By the Fredholm alternative, the corrector equation

$$\begin{aligned} -\frac{1}{2}\nabla \cdot \tilde{a}(x)\nabla \tilde{\phi }_\xi =\xi \cdot \tilde{b} \end{aligned}$$

has a unique solution satisfying \(\int _{\mathbb {T}} \tilde{\phi }_\xi (x)dx=0\). The same discussion applies to \(\tilde{\psi }_\xi =(\xi +\nabla \tilde{\phi }_\xi )^T\tilde{a}(\xi +\nabla \tilde{\phi }_\xi )-\xi ^T\bar{A}\xi \) since \(\int _{\mathbb {T}} \tilde{\psi }_\xi (x)dx=0\), that is, there exists a unique \(\tilde{\Psi }_\xi \) solving

$$\begin{aligned} -\frac{1}{2}\nabla \cdot \tilde{a}(x)\nabla \tilde{\Psi }_\xi =\tilde{\psi }_\xi \end{aligned}$$

such that \(\int _{\mathbb {T}} \tilde{\Psi }_\xi (x)dx=0\). Since we assume \(\tilde{a}\) to be Hölder regular, the functions \(\tilde{\phi }_\xi , \nabla \tilde{\phi }_\xi \) and \(\tilde{\Psi }_\xi \) are bounded in x (see [23, Theorem 3.13]).

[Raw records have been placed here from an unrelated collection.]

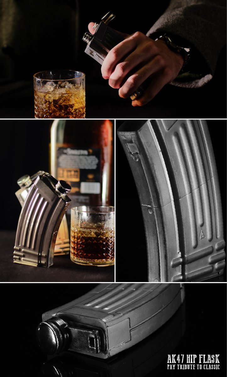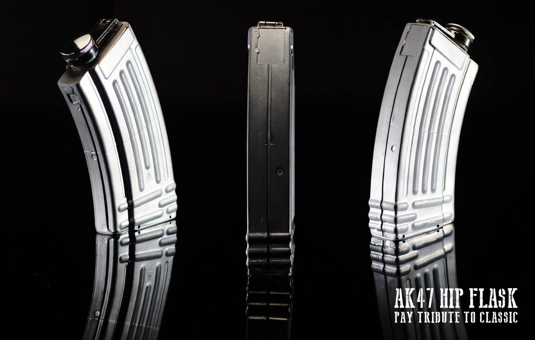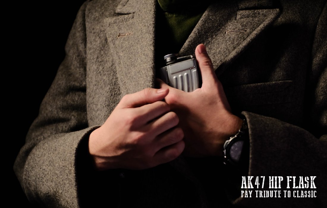 這次向大師與經典致敬的產品,是 AK-47的彈匣酒壺 AK 47-hF (Hip Flask)。延伸M1911-h對品質的要求,同樣是全金屬機身,採 316食品級不銹鋼 製成。
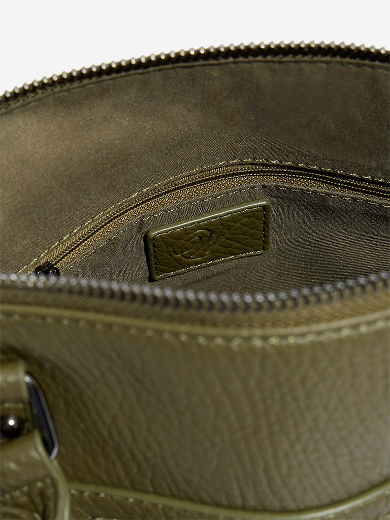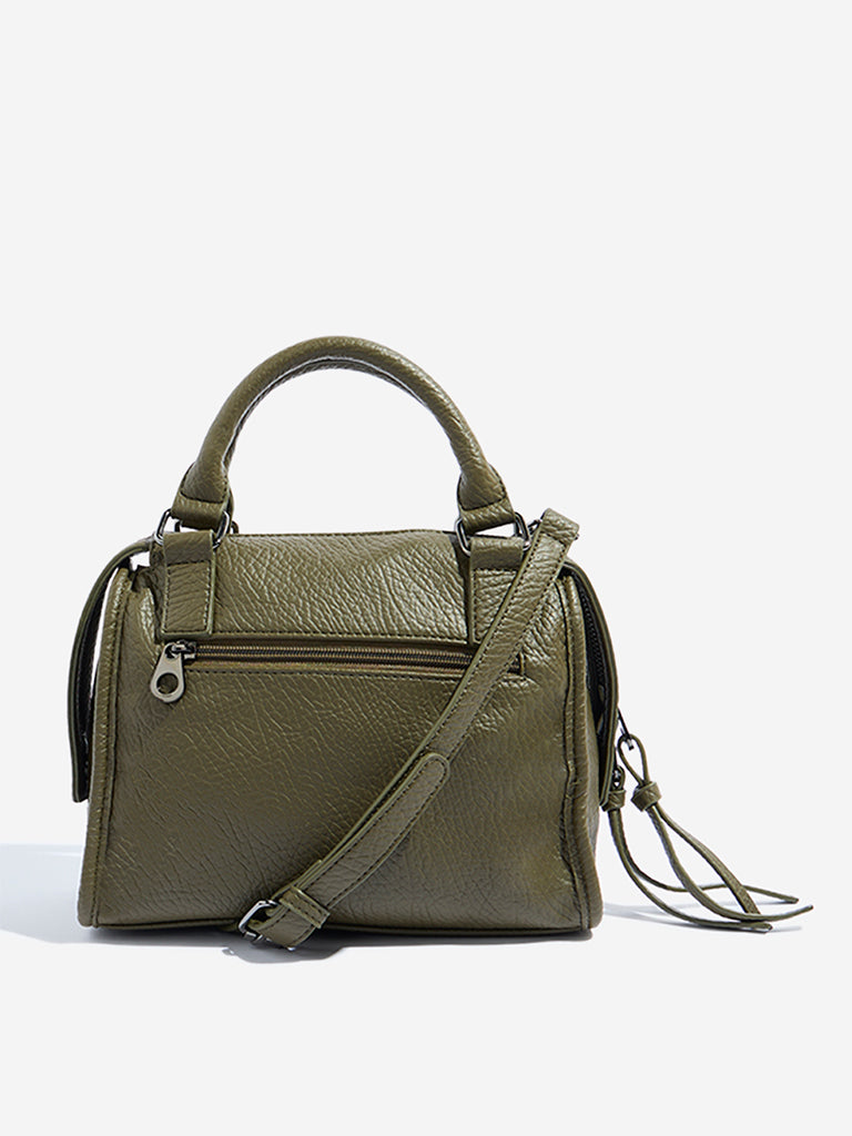 Elevate our ensemble with this olive sling bag from Westside. designed with a textured finish that combines sophistication and modern flair. Its structured silhouette houses a roomy main compartment. while external zippered sections add a functional appeal. Each zipper is elevated with matching faux-leather tassel pulls. Carry it crossbody for effortless hands-free ease or use the structured top handles for a more refined look.
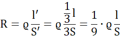 Długość zmniejszyła się 3 razy, a przekrój wzrósł 3 razy:

Our estimates of variance decay in Propositions 4.9 and 4.10 can be replaced by a spectral gap inequality in the periodic setting. For the diffusion on the torus given by

$$\begin{aligned} dX_t=\tilde{b}(X_t)dt+\tilde{\sigma }(X_t)dB_t, \end{aligned}$$

the Lebegue measure on \(\mathbb {T}\) is the unique invariant measure and the following estimate holds [7, Page 373, Theorem 3.2]:

$$\begin{aligned} \sup _{X_0\in \mathbb {T}}|\mathbb {E}_B\{ g(X_t)\}|\lesssim e^{-\rho t} \sup _{x\in \mathbb {T}}|g(x)|, \end{aligned}$$
(8.1)

for some \(\rho >0\), provided \(\int _{\mathbb {T}} g(x)dx=0\). This enables to replace the estimates of Propositions 4.9 and 4.10 by exponential bounds.

With the above two points in mind, we apply the same arguments to derive a result similar to Theorem 2.1: for every fixed (tx),

$$\begin{aligned} u_\varepsilon \left( t,x\right) -u_{\mathrm {hom}}\left( t,x\right) = \varepsilon \nabla u_{\mathrm {hom}}\left( t,x\right) \cdot \tilde{\phi }\left( \frac{x}{\varepsilon }\right) +o\left( \varepsilon \right) \end{aligned}$$

where \(\tilde{\phi }=(\tilde{\phi }_{e_1},\ldots ,\tilde{\phi }_{e_d})\).